In November 2015, the Parties agreed to begin work on an amendment designed to reduce the global production and consumption of HFC refrigerants. This agreement, commonly referred to as the Dubai Pathway, took another step forward last month in Geneva as the Parties agreed to schedule additional intersessional work before the group’s next meeting in July. The Parties are hopeful to have the framework for an HFC phasedown agreement in place by the end of the year.

Supporters believe an ambitious HFC phasedown could cost-effectively avoid more than 100 billion tons of carbon-dioxide-equivalent HFC emissions by 2050.

Many American government officials have praised the Dubai Pathway’s potential, including Gina McCarthy, administrator, U.S. Environmental Protection Agency (EPA), who said a 2016 Montreal Protocol HFC phasedown amendment will achieve substantial greenhouse gas reductions and could avoid up to 0.5°C of warming by 2100.

“It’s a significant accomplishment for climate action and sends a strong signal that the international community can come together to confront some of the world’s greatest environmental challenges and continue progress toward cutting global greenhouse gas emissions.”


Unwilling to wait for a global consensus, California’s Air Resources Board (CARB) is demanding action now and proposed its own statewide high-GWP (global warming potential) HFC refrigerant prohibition strategy.

The $20 million proposal seeks emission reductions through a ban on the sale of all virgin HFC refrigerants with a GWP above 2,500 beginning in 2020, exempting reclaimed or recycled refrigerants. The policy would also ban new stationary refrigeration equipment using HFCs with a GWP of 150 or more, beginning in 2020 for nonresidential and in 2021 for residential refrigerator-freezers.

CARB is now accepting public comments on the initiative and is expected to hold a vote later this year.


Of course, any form of a global HFC agreement will carry a hefty price tag, which may be its greatest barrier.

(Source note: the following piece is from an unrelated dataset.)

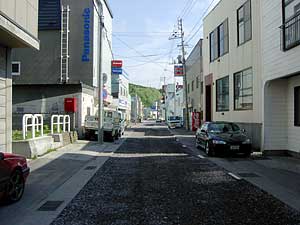 香深市街のメインストリート,すなわち,礼文島のメインストリート。こちらは期待どおり,狭い路地に商店がひしめいており,いかにも離島らしい。
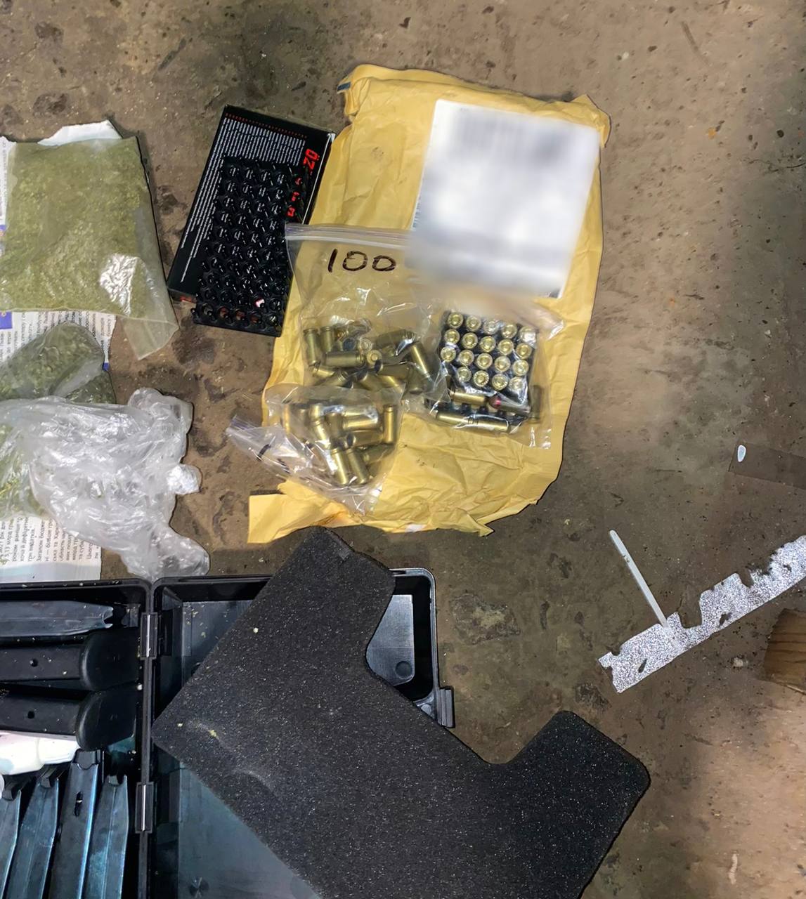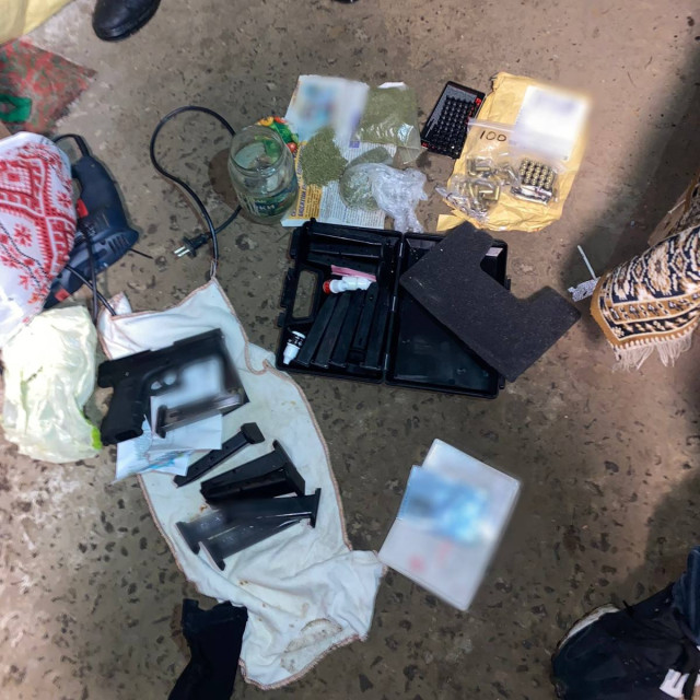 Вилучено: десятки набоїв калібру 9 мм виготовлені кустарним способом, магазини до зброї, пістолети з візуальними ознаками внесених конструктивних змін, інструкції до пістолетів, металеві тиски для внесення конструктивних змін, а також мобільні телефони, банківські картки та інші речові докази, що свідчать про його причетність до злочинної діяльності. Крім того, в квартирі знайдено канабіс та пристрої для куріння наркотичних речовин», - повідомив Юрій Крошко.

The Multilateral Fund to the Montreal Protocol (MLF) is the funding mechanism that provides developing (Article 5) countries with the funds necessary to incrementally phase out the last class of ozone-depleting fluorinated gases. Under the MLF, countries can receive up to a 25 percent premium in funding if they transition to environmentally friendly alternatives rather than HFCs.

Per, the total budget for the 2015-2017 triennium is $507.5 million; $64 million of that budget will be provided from anticipated contributions due to the Multilateral Fund and other sources for the 2012-2014 triennium and $6 million will be provided from accrued interest.

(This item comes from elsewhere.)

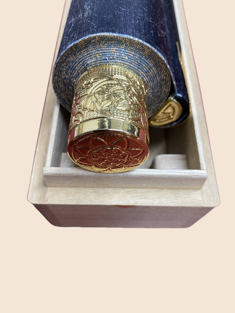 掛軸の軸先ですが、配送中の振動・気温・経年劣化等で外れてしまうことがあります。軸先の外れは、返品の対象にはなりません。大変お手数ですが、お客様ご自身での修復をお願い致します。
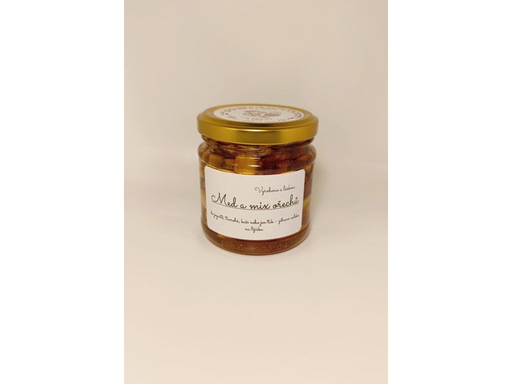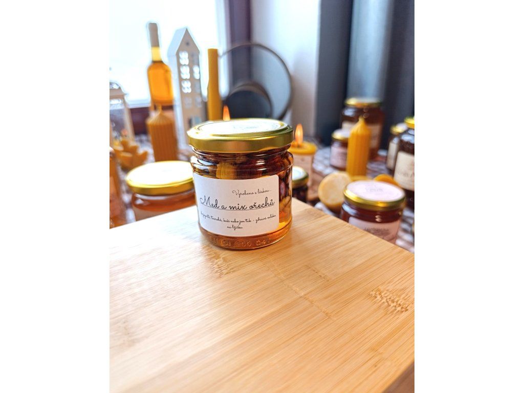 Složení: 60 % lesní med, 40 % mix ořechů (mandle, lískové, vlašské ořechy, kešu)

According to a November 2015 Technology and Economic Assessment Panel (TEAP), a global HFC phasedown could carry a price tag of more than $2.5 billion. Without a doubt, participating Article 5 countries would be subject to extraordinary provisions and subsidies for such a large endeavor to work.


The U.S. and Europe seem positioned to embark on a future without HFCs, and many manufacturers, including Lennox Intl. Inc., Danfoss, Emerson, and others, have expressed their opinions on the matter.

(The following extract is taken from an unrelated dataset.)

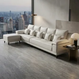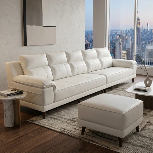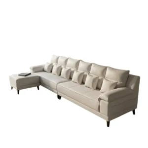 Elegant sofa set with soft cushioning, clean design and spacious seating for modern living rooms.

However, commitments from developing countries continue to lag behind. And standoffish countries like China, Russia, and India have yet to dedicate themselves to such a plan’s stringent requirements. And, if and when they break the rules, what consequences will occur. Who will enforce them?

Additionally, from an industry standpoint, HFCs are just one part of the equation. The energy efficiency of the equipment is important, too. If equipment that uses natural refrigerants or hydrofluoroolefins (HFOs) ends up operating more inefficiently than equipment that uses HFCs, conforming businesses and the industry as a whole will have endured a great deal of pain and expense for little to no return.

And, many believe there’s no proof that humans are influencing the atmosphere. From that standpoint, legislators and efficiency aficionados may accomplish more with this $2.5 billion if they simply piled it in a pit, burned it, and watched it all go up in smoke.

So, is an HFC phasedown policy possible? Yes, though it won’t come easy or cheap. And, in a world where so many have so little, its importance is certainly up for debate.

Finally, one additional speed bump remains: Republicans typically oppose funding climate change initiatives. What happens if a conservative is elected president this fall? Would the U.S. instantly yank its support from such a pact? Is all this work being done for naught?